The first four changes are reported during the study of EEG changes related to Zen meditation [22]. Kasamatsu and Hirai ranked the changes in this order and find out that the changes directly depend on mental state and experience in meditation. During zazen (Zen meditation) alpha was slowing to 7-8 Hz, and rhythmical theta waves at six to seven cycles per second appeared in the last phase (attained only by skilled monks with long meditation experience).

In addition to the standard frequency bands, Ray has found so called "focused arousal" frequency component at 38Hz. This frequency component was found during the Dharana stage of Rajayoga [26]. Ray supposed that it could represent possible functional component in the process of attention (Dharana means holding the mind at a certain point).

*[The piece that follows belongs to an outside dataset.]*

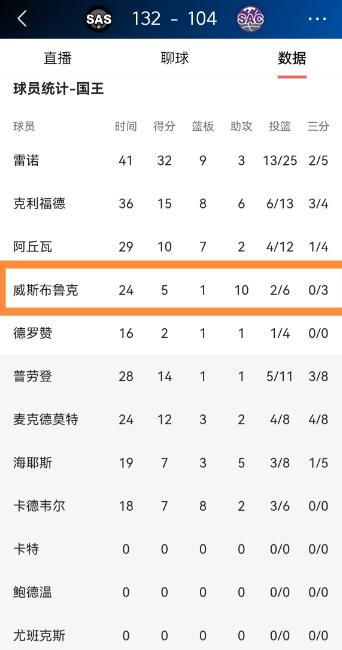 国王老将威斯布鲁克真是痴迷于刷助攻!在今天国王主场以104:132惨败于马刺的比赛中,威少将自己渴望刷助攻的心情展现的淋漓尽致。 3月18日NBA常规赛,国王主场对阵马刺,最终国王以104比132大比分输掉比赛,这场比赛里,老将威斯布鲁克的表现,把他对助攻的执着展现得很明显。 比赛从一开始,国王就陷入被动。马刺首节就拿到39分,国王只得到22分,分差直接拉开,威斯布鲁克首发出场,从开场就把主要精力放在传球上,他很少主动出手投篮,拿到球后第一反应就是观察队友位置,寻找传球机会。 不管是突破到内线后的分球,还是外线持球时的转移,他都在刻意找能形成助攻的传球线路。 上半场比赛,马刺进攻火力全开,半场结束时已经78比47领先国王31分,比赛早早失去悬念。 在这样大比分落后的情况下,威斯布鲁克没有改变打法,依旧专注于传球,第二节比赛中,他送出一次助攻后,生涯总助攻数完成对马克·杰克逊的超越,之后又凭借一次传球追平并超越纳什,升至NBA历史助攻榜第五位。 达成这个里程碑的过程里,他的传球选择更偏向于能直接转化为助攻的线路,个人进攻几乎被放在一边。 整场比赛,威斯布鲁克出战25分钟左右,出手次数很少,大部分时间都在组织传球。 他的传球很积极,不管球队落后多少分,都在持续给队友送球,试图通过助攻带动队友。 队友接球后的出手,他也会第一时间关注是否命中,每完成一次助攻,都能看出他的投入感。 相比之下,他的个人进攻欲望很低,很少主动发起攻击,即便有不错的出手机会,也会优先选择传球。 国王队本场比赛,只有新秀雷诺表现突出,拿到全队最高的分数,其他球员得分都比较零散。 威斯布鲁克全程专注于助攻,没有用个人得分去帮助球队缩小分差。球队大比分落后,他也没有调整策略,依旧执着于通过传球完成助攻数据的积累。 比赛末节,胜负早已确定,双方都换上替补阵容练兵。威斯布鲁克依旧留在场上,继续寻找助攻机会,直到比赛结束,他一共送出10次助攻,完成了生涯助攻数的里程碑时刻。 这场惨败的比赛里,他的所有行动都围绕着助攻展开,对助攻的痴迷贯穿全场,个人数据里助攻是唯一亮眼的部分,得分和篮板都没有太多贡献。 赛后,国王官方社媒还把头像换成了威斯布鲁克的照片,纪念他助攻数升至历史第五的成就。 但这场比赛,国王主场大比分输球,威斯布鲁克全程专注于助攻的表现,也让他对助攻的执着,在这场惨败里被看得格外清楚。 以上都是个人观点,对此您有什么不同的看法,可以在评论区留言讨论!!!

Changed perception during meditation is frequently reported. Subjects usually define it as a relaxed awareness with stable reception. We defined this state as dissociation of perception from the external sense organs. Quantitative investigation of this phenomenon is performed by Hirai, and alpha block dehabituation was found [22].

Particularly hard problem is analysis of transcendent signal. Ray defined it as a signal that is not bound to the time frame by any law of time domain [26]. He investigated transcendent signal in relation to the highly amused states of a child as well as state of deep aesthetic appreciation [27]. However, the transcendency is likely to be correlated with the clock of the organic system. These states are characterized by large number of impulses (spikes), and increased low frequency waves (theta and specially delta waves).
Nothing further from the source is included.